I shouldn’t use the past tense to refer to Melanie -- she’s still out there, performing and writing. In April 1991, when I was working as a reporter in Florida, I actually got to sit down with her for an interview. As you can imagine, it was a huge moment for me. We spent an hour or so revisiting the ‘60s, and discussing her career. Her album “Precious Cargo” was just about to be released, and she said she was content to reach smaller audiences with her more adult music.
Melanie attributed her “flower child” image to marketers at Buddah Records, her ‘60s label.
“What’s a flower child?” she asked me. “I was very into creating things, making them real and not phony, telling people what I was going through and feeling and seeing, mirroring whatever times were going on and what seemed to be happening. Some essence of that must have come out or nobody would have thought of it in the first place, but it certainly was a little bit limiting.”
Kevin and I went to see her perform soon after that interview, and I listened to “Precious Cargo” quite a bit, but I have to admit I always gravitated back to her earlier work. Maybe it’s just what I knew and was comfortable with; maybe it meant more to me, imbued as it was with those memories of rattling down the highway in my father’s Volkswagen, awash in cigarette smoke from his Larks.
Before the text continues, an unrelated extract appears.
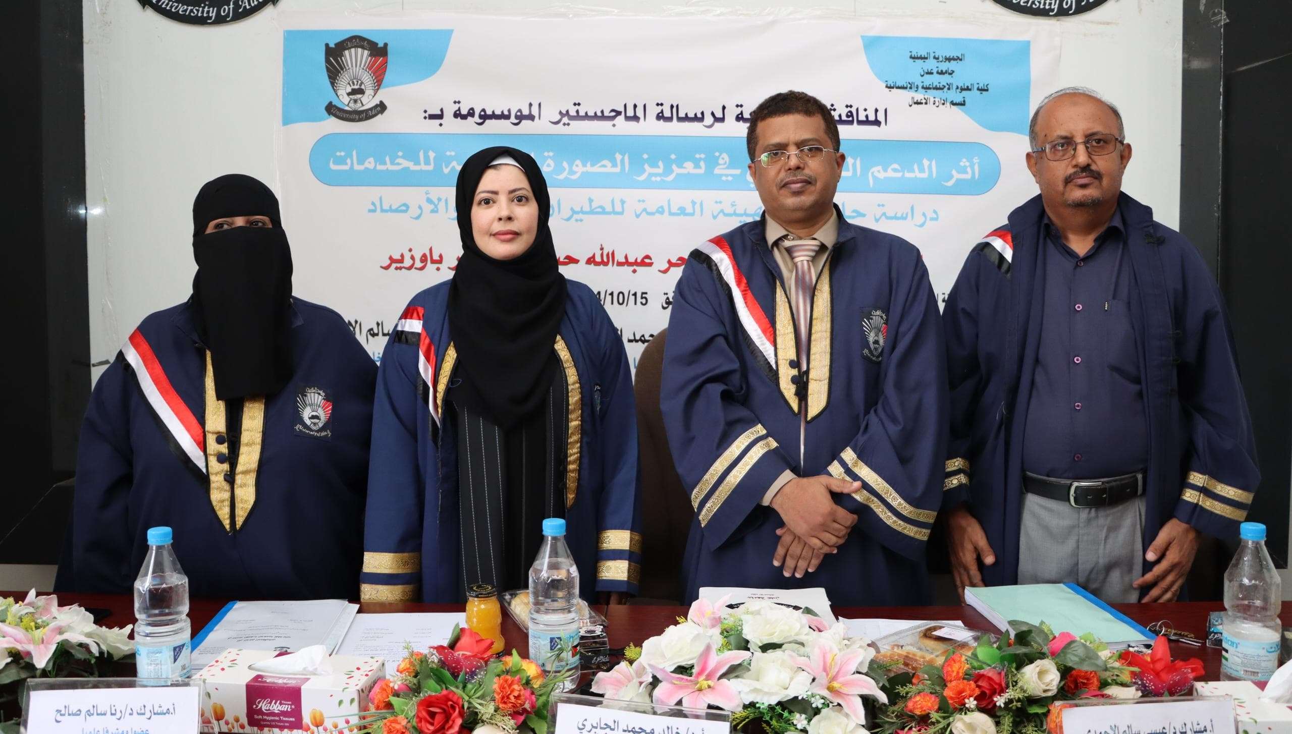 نالت الباحثة سحر عبدالله باوزير، درجة الماجستير بامتياز من جامعة عدن، في تخصص "إدارة الأعمال"، عقب المناقشة العلنية لرسالتها العلمية الموسومة بـ (أثر الدعم التنظيمي في تعزيز الصورة الذهنية للخدمات) دراسة حالة في الهيئة العامة للطيران المدني والأرصاد.

Melanie autographed my copies of “Affectionately” and “Garden in the City,” and I still have them, even though I no longer have a record player. (I’ve managed to get several old Melanie albums on CD. My “Candles in the Rain” CD, strangely, doesn’t include “Alexander Beetle.” Did Disney wage a copyright battle?)
Now I hear that Melanie will be performing upstate in August, and I hope to be there.
My Dad still likes Melanie, too. He remarried, but he still drives Volkswagens, still has facial hair, and still smokes -- too much.
The more things change, the more they stay the same.
(This photo is a less skillful ripoff of / homage to Chedwick, whose recent Melanie post inspired mine.)